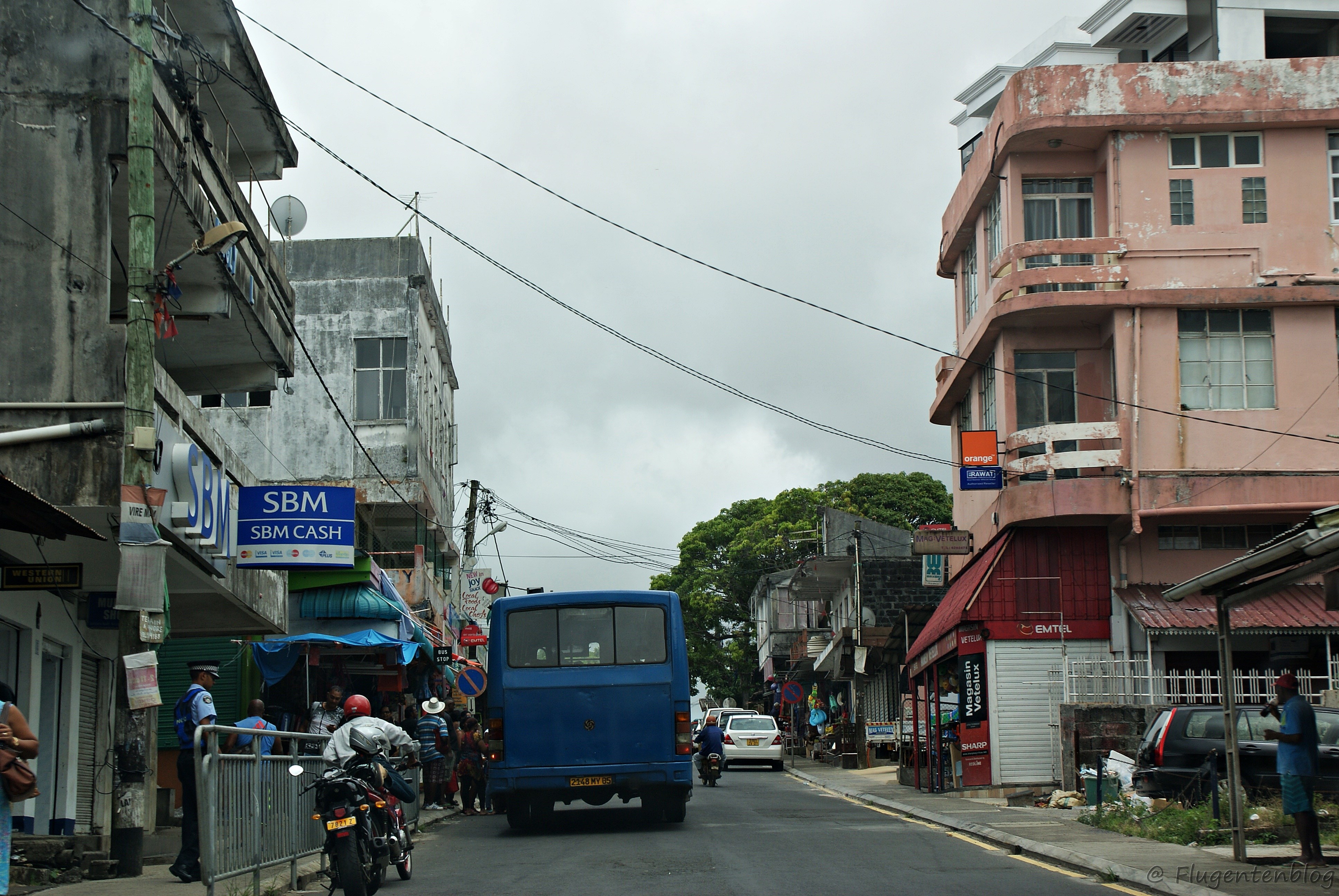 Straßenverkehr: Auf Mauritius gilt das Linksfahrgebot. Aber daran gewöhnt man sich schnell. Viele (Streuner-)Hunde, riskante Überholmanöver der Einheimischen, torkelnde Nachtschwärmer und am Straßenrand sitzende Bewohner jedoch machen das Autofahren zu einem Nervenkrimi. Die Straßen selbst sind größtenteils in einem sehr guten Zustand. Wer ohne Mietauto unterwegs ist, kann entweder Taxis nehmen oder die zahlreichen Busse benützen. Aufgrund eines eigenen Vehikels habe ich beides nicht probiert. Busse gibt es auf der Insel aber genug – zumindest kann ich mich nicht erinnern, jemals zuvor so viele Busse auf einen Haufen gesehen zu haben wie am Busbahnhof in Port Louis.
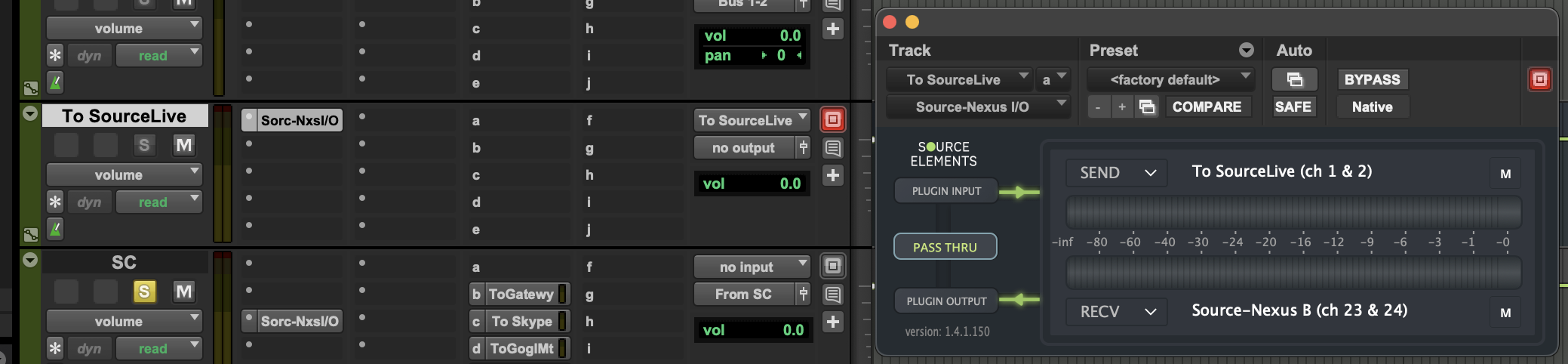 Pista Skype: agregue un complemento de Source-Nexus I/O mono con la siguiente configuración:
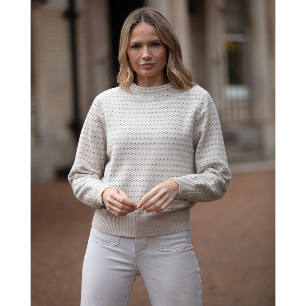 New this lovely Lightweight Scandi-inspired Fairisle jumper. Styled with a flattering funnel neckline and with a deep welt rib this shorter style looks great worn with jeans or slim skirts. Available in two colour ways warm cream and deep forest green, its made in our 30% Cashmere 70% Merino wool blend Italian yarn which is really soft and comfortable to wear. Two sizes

• [Prompt]
The response is the full listing, copied exactly, with the pictures omitted.

• [Solution]
 Straßenverkehr: Auf Mauritius gilt das Linksfahrgebot. Aber daran gewöhnt man sich schnell. Viele (Streuner-)Hunde, riskante Überholmanöver der Einheimischen, torkelnde Nachtschwärmer und am Straßenrand sitzende Bewohner jedoch machen das Autofahren zu einem Nervenkrimi. Die Straßen selbst sind größtenteils in einem sehr guten Zustand. Wer ohne Mietauto unterwegs ist, kann entweder Taxis nehmen oder die zahlreichen Busse benützen. Aufgrund eines eigenen Vehikels habe ich beides nicht probiert. Busse gibt es auf der Insel aber genug – zumindest kann ich mich nicht erinnern, jemals zuvor so viele Busse auf einen Haufen gesehen zu haben wie am Busbahnhof in Port Louis.
 Pista Skype: agregue un complemento de Source-Nexus I/O mono con la siguiente configuración:
 New this lovely Lightweight Scandi-inspired Fairisle jumper. Styled with a flattering funnel neckline and with a deep welt rib this shorter style looks great worn with jeans or slim skirts. Available in two colour ways warm cream and deep forest green, its made in our 30% Cashmere 70% Merino wool blend Italian yarn which is really soft and comfortable to wear. Two sizes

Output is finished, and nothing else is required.